Finishing is overrated. Good effort!


----------



## parity (Feb 28, 2006)

poff said:


> I did it last year. It offers some fun climbing on Jameeson Creek Rd. I just did Climb to Kaiser. Shame to say, I could not finish. 1st time it happened to me. The temperature gradient got to me. Coming down from the top the temperature gone up from 60's in the Sierras to 95 in the valley. Even going DH I felt very bad - could not eat or even drink. So 9 miles from the finish I just collapsed on the side of the road from heat exhaust and had to be sagged. What a disaster. I'll be back next year. The Tallhouse Rd climd to Shaver lake was a beast > than 5,000ft (or at least it felt like it) of nonstop climbing.

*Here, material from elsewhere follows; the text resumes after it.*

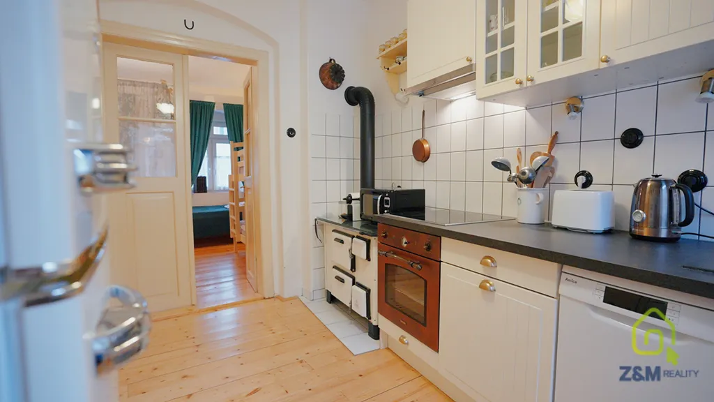 Interiéry apartmánu jsou koncipovány ve stylu 1 republiky. V 1NP se nachází stylový apartmán 2+kk výměře 45m2 v přízemí pro 2-5 hostů. K dispozici je dvoulůžko, samostatná postel a palanda. Plně vybavená kuchyně (lednička, mikrovlnná trouba, sporák s pečící troubou, varná konvice, kávovar, myčka). Smart TV, WiFi, rádio. Koupelna se sprchovým koutem, oddělené WC.

I almost had a similar experience last year. I did it for the first time and the last ~15 miles killed me. No power in my legs and barely moving forward. I should have taken more water with me at the last rest stop just to pour it on me to try to keep "cool". Fortunately I finished under my own power but there were times I thought I couldn't make it. And there were riders just sitting at the side of the road in any shade they could find so its not just you. By far the hardest ride I have done, the Death Ride is a walk in the park in comparison.


----------



## poff (Jul 21, 2007)

All right, I have registered for SCMC. Yeah, CtoK was the toughest ride I've done in my life. It has way too many extras. I am amazed how strong some riders are - the first 3 finishers did it in less than 9hrs.


----------